|Day of the Hindu Priest|
The Indian Prime Minister's forthcoming visit to the US in September 2000 may witness a landmark in American history. For the first time ever, a Hindu priest might be allowed to deliver the invocation opening the daily session of the US legislature on the day Prime Minister Shri Atal Behari Vajpayee addresses members of the US Congress as part of his return visit to President Bill Clinton.
Sherrod Brown, a founder member of the Congressional caucus on India, has requested the chaplain of the House of Representatives to set aside a day for a Hindu priest to deliver the invocation. This 'swadeshi' salute may well become a reality when the Indian Prime Minister arrives in Washington, after addressing the millennium summit of world leaders at the United Nations, later this year.
Although the House chaplain has the power to allow clergy of any religion to offer the opening invocation, it has never invited a Hindu denomination so far. Earlier, the House has hosted members of various Christian and Jewish sects, and also recently had Muslim Imams.

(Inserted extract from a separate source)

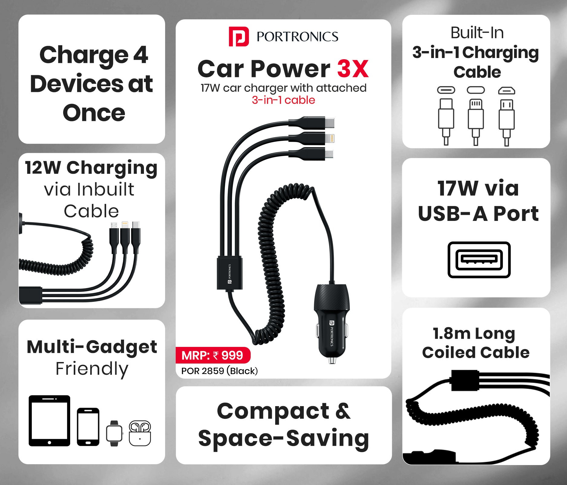 12W 3-in-1 Coiled Cable (Type-C, Lightning, Micro-USB)| 17W USB-A Port | Charge 4 Devices at Once | For Phones, Tablets, Earbuds & More

Mr Brown has substantiated his request to the chaplain saying: "Freedom of religion is a hallmark of the US. By inviting clergy of various faiths to deliver the invocation, we honour our diverse religious heritage. There are hundreds of thousands of practising Hindus in this country. We should fulfil our responsibility to represent the religious diversity of this country by including a Hindu priest as a guest Chaplain."
This Hindu element is, in fact, the most unprecedented thing in the travels of any Indian Prime Minister so far. Behind Brown's move is a powerful American-Indian lobby of the pro-Hindu Bharatiya Janata Party (BJP) supporters who are too enthusiastic about introducing the Hindu element into Vajpayee's trips, observes K P Nayar, a Washington based political commentator. This lobby draws parallels between Vajpayee's forthcoming US trip and his two visits as Prime Minister to Mauritius. In Port Louis, says Nayar, the Hindu element of the visit often overtook the bilateral and state-to-state concerns of the Prime Minister.
At the state level
there have been efforts in the past by American Indians to include Hindu priests
in the legislative process. The Maryland
state's House of Delegates has had two such Hindu invocations, but the Vajpayee
visit has given an unexpected opportunity for those who contend for such exercises
to be repeated at the national level as well. According to the India Abroad
News Service (IANS), this is largely
due to the efforts of Democrats Kumar
Barve and Satveer
Chaudhary, the two Indian-American state legislators in the US. However,
political observers caution, the move may bump into some opposition arising
from the conservative nature of the Capitol
Hill on matters related to religion.